Since 1997, Elizabeth Samet has been teaching literature to cadets at the U.S. Military Academy. To judge by her most recent book, she must be an engaging, inspiring, and utterly subversive classroom presence.
Looking for the Good War suggests that she is fearless as well. Sprawling and discursive—as a writer, Samet adheres to the no-notecard-left-behind school of literary studies—her book takes up the delicate subject of World War II revisionism. Samet aligns herself with the controversial view that the “Good War” may have been less than altogether good.

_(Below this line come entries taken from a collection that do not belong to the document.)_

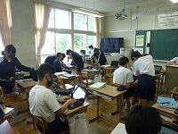 7月13日(火)蒸し暑い日ですが、生徒は1校時より授業にしっかり取り組んでいました。2年生の英語の授業では「mustとhave to」についてタブレットを活用して授業が進められていました。2年生の理科では夏休みの自由研究についてのタブレットで調べものをしていました。レポートも紙だけでなくタブレットで作成することも可とされていました。夏休みの課題もペーパレス化が始まっています。
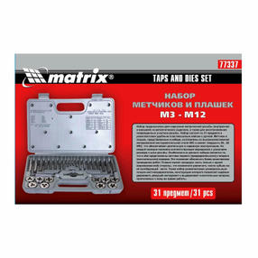 Набор метчиков и плашек М3-М12, 31 предмет Matrix 77337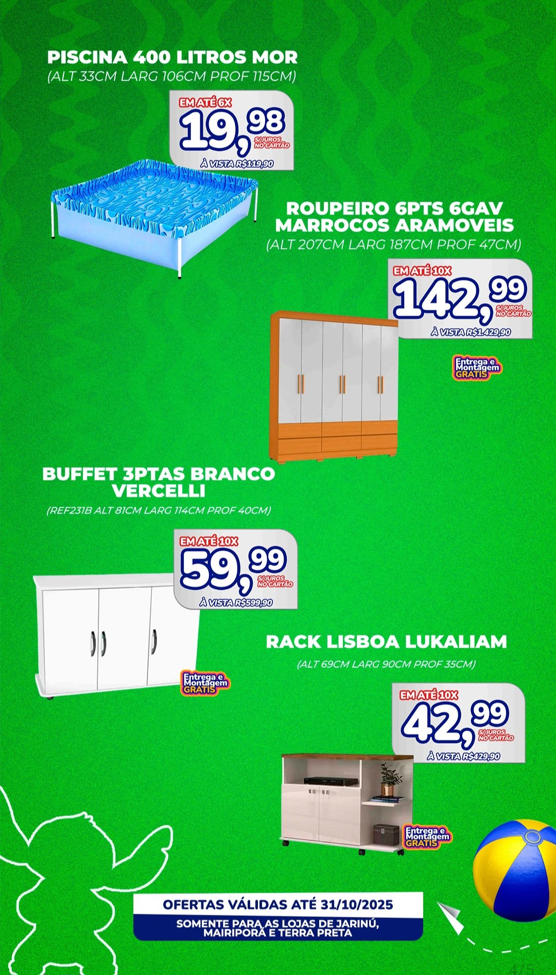 Variedade, preço bom, não cobra frete nem a montagem e ainda tem desconto! desse jeito nunca mais concorrência.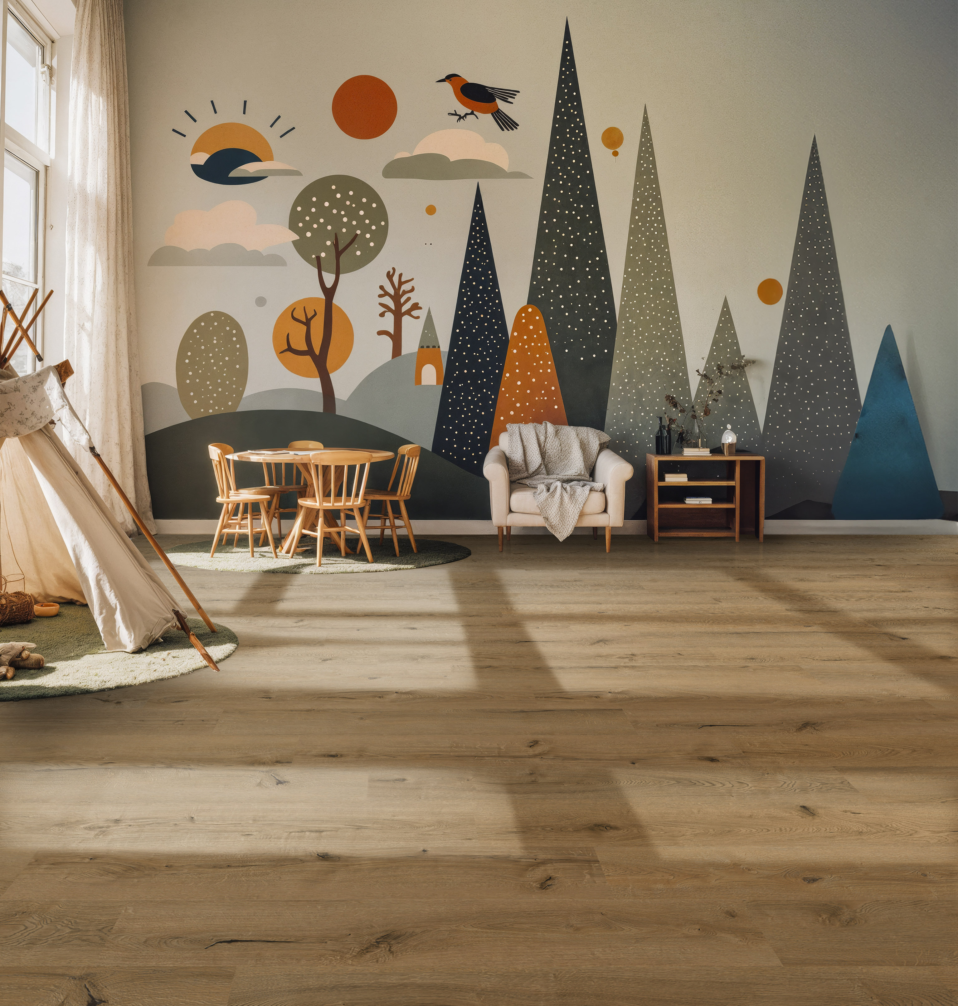 Et funksjonelt og varig gulv med moderne uttrykk.

Reexamining and revising the past is a continuous and necessary exercise. At West Point, it’s a safe bet that Lee Gate, Lee Barracks, Lee Hall, Lee Road, and the Robert E. Lee Mathematics Prize, all honoring a certain Confederate general once deemed a role model for graduating cadets, will soon bear different names.

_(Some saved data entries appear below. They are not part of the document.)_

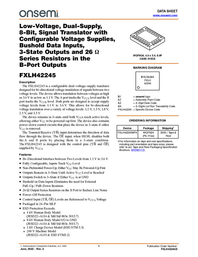 FXLH42245 Low Voltage Dual Supply 8-Bit Signal Translator with Configurable Voltage S...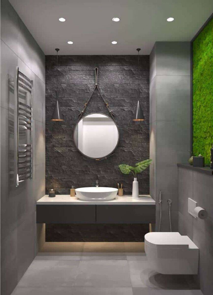 Для создания такой образа используются крупные плиты на полу и стенах или кафель под дерево, приглушенных оттенков белого, серого, бежевого. Завоевали популярность варианты с расцветкой под бетон.
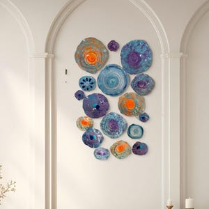 Each flower come with a hanger with a hole in the back for easy hanging. Each piece is light weight and all you will need is a nail or thumb tack to hang it from. If you can hang a picture, you can hang these plates. Each order comes with a set of hanging instructions. For outdoor hanging, please request our free outdoor hardware. For ceiling hanging please request velcro.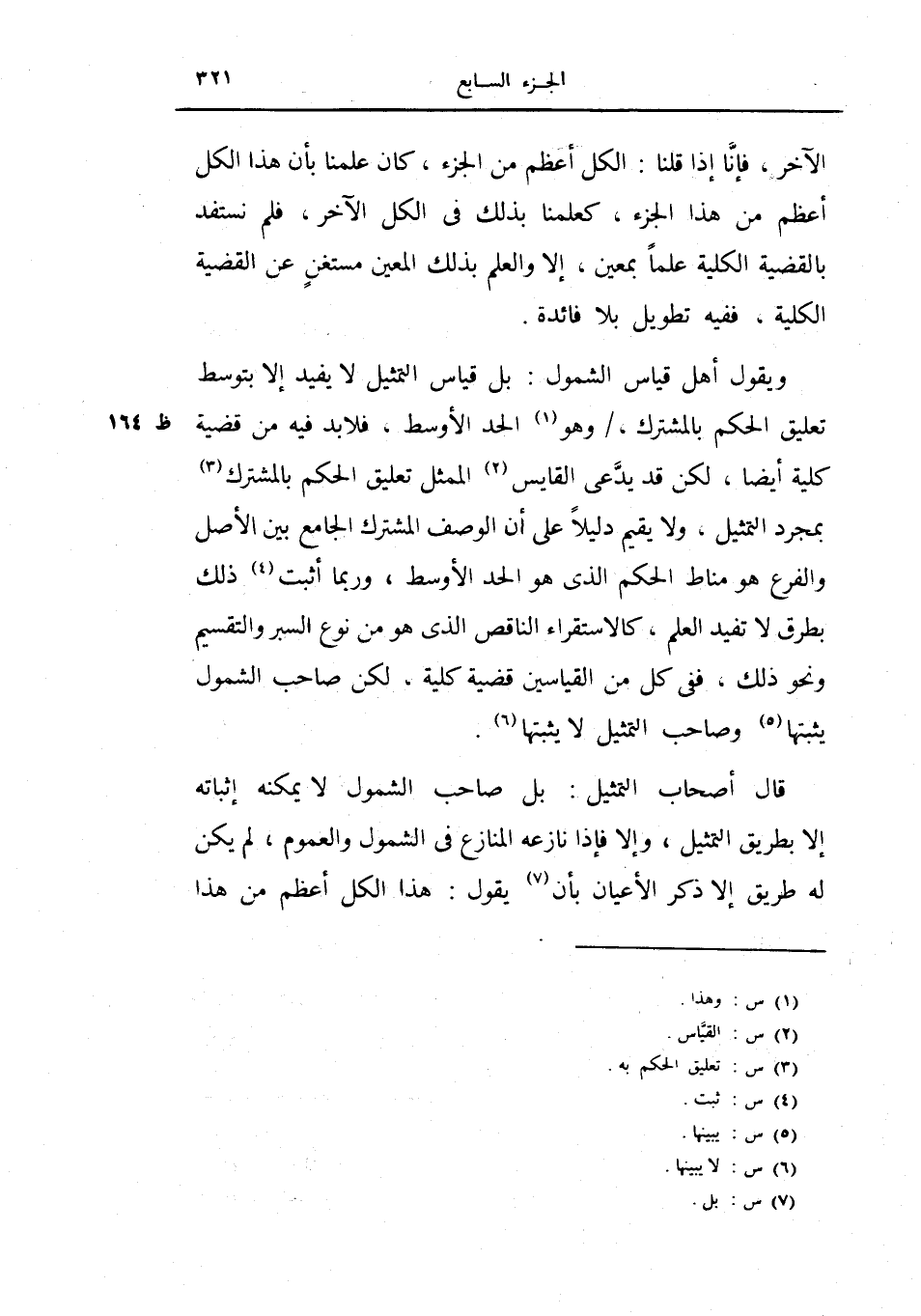قال أصحاب التمثيل: بل صاحب الشمول لا يمكنه إثباته إلا بطريق التمثيل، وإلا فإذا نازعه المنازع في الشمول والعموم، لم يكن له طريق إلا ذكر الأعيان بأن يقول: هذا الكل أعظم من هذا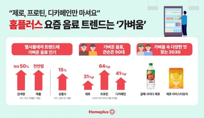 가벼운 음료에 대한 관심은 매출에도 나타났다. 최근 3개월간 홈플러스 온라인의 제로, 프로틴, 디카페인 음료 매출은 전 연령대에서 고르게 상승했다. 연령대가 올라갈수록 매출 신장률과 검색량도 점차 증가했다.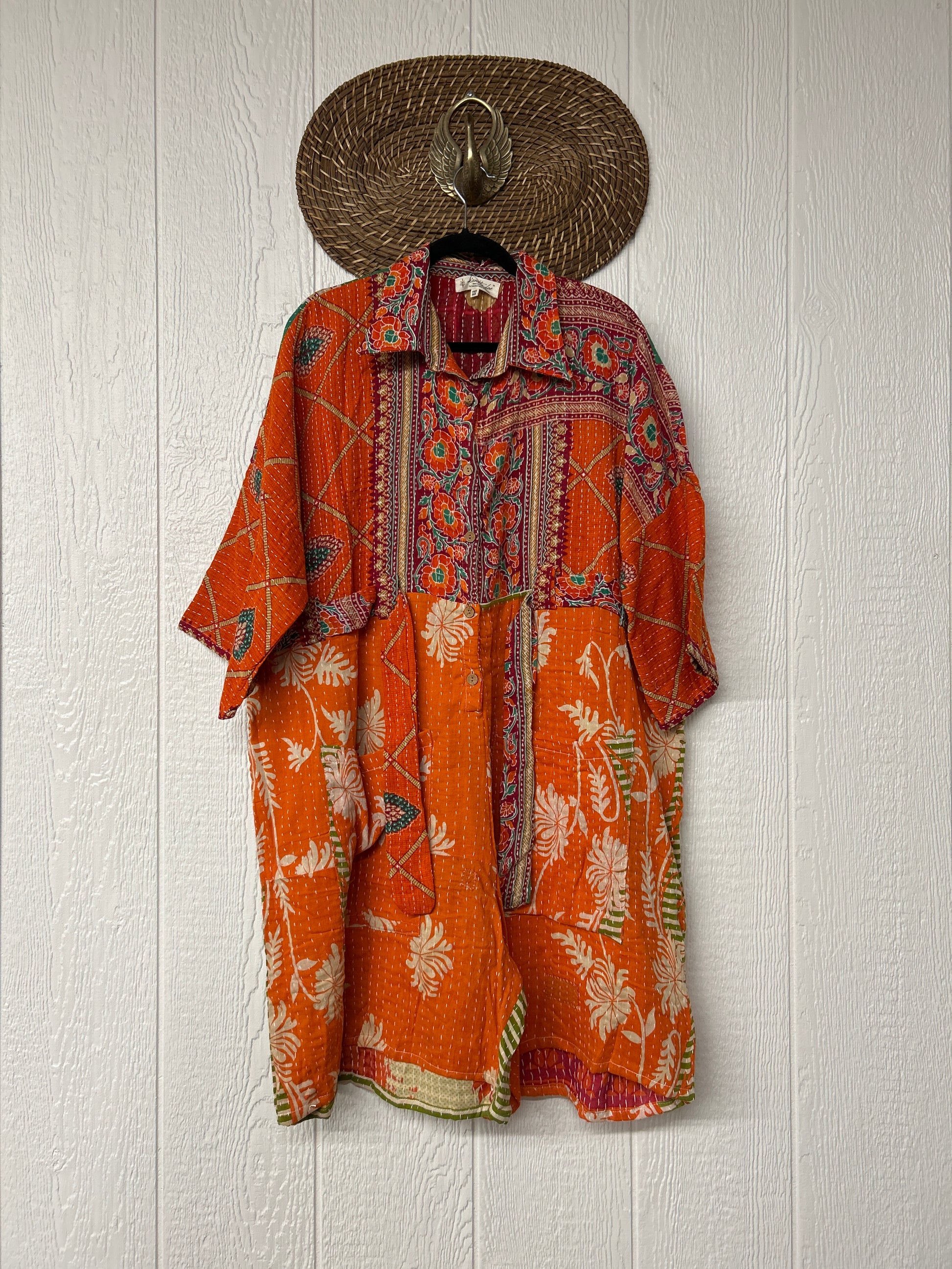 Crafted from our ultra-luxe Kantha stitch vintage cotton sari the Gravity Shortall features a button down front placket, adjustable belt, and cropped "short" length.Size recommended 00-20/22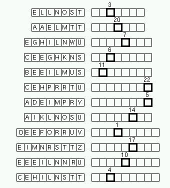 Tragen Sie die markierten Buchstaben der gefundenen Wörter hier ein,

When it comes to World War II, however, revisionism tends to be an especially touchy subject. Early practitioners charged an ostensibly duplicitous President Franklin D. Roosevelt with conspiring to maneuver the United States into an avoidable war. Some subsequent revisionists trafficked in Holocaust denial. More recently, with the achievements of the “Greatest Generation” celebrated in bestselling books and blockbuster movies, merely to suggest that considerations other than God, mother, and apple pie influenced the war’s conduct seems very unpatriotic, if not altogether indecent.

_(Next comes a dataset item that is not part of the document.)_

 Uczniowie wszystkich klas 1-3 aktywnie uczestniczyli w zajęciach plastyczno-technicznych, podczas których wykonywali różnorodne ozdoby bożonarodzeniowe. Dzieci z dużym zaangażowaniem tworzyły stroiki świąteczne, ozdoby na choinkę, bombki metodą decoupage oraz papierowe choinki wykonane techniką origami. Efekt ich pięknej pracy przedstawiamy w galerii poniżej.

Samet dismisses as fraudulent the feel-good interpretation of the war to which most present-day Americans subscribe. “The so-called greatness of the Greatest Generation is a fiction,” she writes, “a sentimental fiction, suffused with nostalgia and with the need to return to some finest hour.” Her self-assigned task is to poke holes in the “selective memory”—more precisely, the invented memory—that props up the mythic narrative of the “Good War.” She is hardly the first to do so, of course. Indeed, her account cites writers ranging from war correspondent Ernie Pyle and novelist Joseph Heller to scholars such as Paul Fussell, all of whom have previously exposed aspects of the war’s underbelly, albeit with only limited effect.
Emphasizing popular fiction and film noir (while leavening the text with a healthy dose of Shakespeare), her own contribution to this ongoing enterprise highlights “the dangerous and seemingly indestructible fantasy” that the next American war, wherever and whenever it occurs, will replicate the “good” one of 1941–1945 and produce suitably redemptive results. Yet in reality, she notes, that war served as a “prologue to three-quarters of a century of misbegotten ones,” including those that her former students have fought in Afghanistan and Iraq. These conflicts she characterizes as “interminable and inconvenient,” not to mention “embarrassing”—about as different from the remembered version of World War II as they can be.